The process: your user asks a question. The system searches a vector database for the most relevant text chunks. Only those chunks load into context. The LLM responds.
The heart of RAG is chunking strategy. You have to break large documents into small, meaningful pieces so search works precisely. Cutting mid-sentence destroys meaning.
Without these technical steps, context engineering stays theoretical. The database architecture decides whether your agent finds the knowledge or stays blind.
Solution 3: practical tips for system prompts and custom instructions
Beyond database architecture there are direct levers in the prompt. Use system prompts to define rules that are untouchable. A good system prompt works as a constitution for the AI and should always sit at the start of the context so the chat history doesn't push it out.
For ChatGPT users, custom instructions are the easiest way to do context engineering without writing code. Define your role and the desired format. Another strong lever is few-shot prompting: give the model 2–3 examples of what a perfect answer looks like. That saves hundreds of words of explanation.
On managing chat history in your own apps: never just append everything. Use a rolling window (oldest messages drop off) or a smart summary of earlier conversations. More on the technique: few-shot prompting and prompting basics.
The future of context engineering
The trend is toward giant context windows: Gemini 1.5 Pro with over a million tokens. Does that solve the problem? No. The "needle in a haystack" problem stays. More data means more noise.

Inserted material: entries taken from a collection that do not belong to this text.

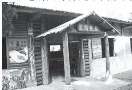
▲ 保存最完整的建築餐廳。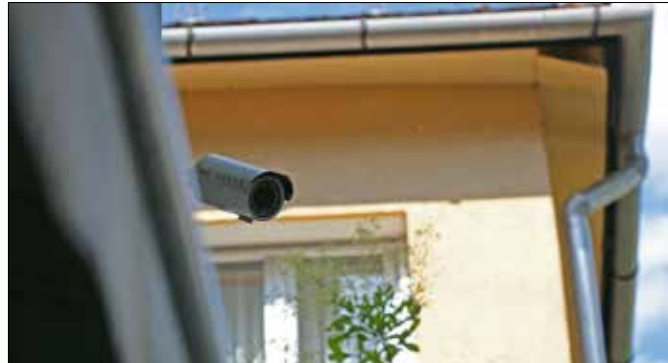
Legalább 2,5 méter magasságban kell elhelyezni

Ami az elhelyezést illeti, a kamera legalább 2,5 méter magas-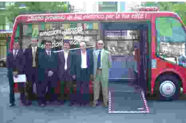
La presentazione del bus elettrico Zeus

L'obiettivo è di farne entrare in funzione due entro la fine del 2009 ed altri tre agli inizi del 2010. Hanno un'autonomia di 120 chilometri, con emissioni nulle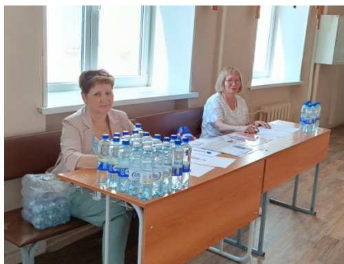
Регистрация участников семинара

Педагог показала, как нетрадиционно можно провести мероприятие по охране труда в формате викторины, близ-опроса, выявления нарушений по охране труда в специально созданных ситуациях на примере русских народных сказок.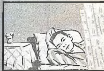
Избегайте контактов с заболевшими

In-context learning is the next step: models get better at learning from provided information live, without fine-tuning. Same rule applies: load junk into the giant memory, get giant junk back. The need for structure and filtering will go up, not down.
For a deeper read: Lost in the Middle is a good starting point.
Where to start
Before burning the next budget on an AI solution: check first whether you have your data under control. What data do you feed into context? Is it structured? Is it relevant? This data hygiene solves 80% of all agent problems.
When agents stall in loops or hallucinate, the cause is rarely the model. It's almost always the architecture of the context.
FAQ
- What is context engineering?
- The practice of managing a model's whole context window so it gets exactly the right data at the right time. It goes beyond prompt engineering: prompting is the instruction ('summarize this'), context engineering is supplying the right text, background, and structure the model needs to answer well.
- How is context engineering different from prompt engineering?
- Prompt engineering is the craft of the instruction itself; context engineering is providing the information and background around it. Modern LLMs need both: perfect context with a vague instruction stays vague, and aggressive prompting over missing knowledge triggers hallucinations.
- Why do AI agents get stuck in loops?
- Usually context pollution: the window fills with irrelevant intermediate results and logs that push out the original goal, so the agent forgets it and repeats actions. A fix is forcing the agent to summarize its progress every few steps, delete the raw history, and keep only the summary and the goal.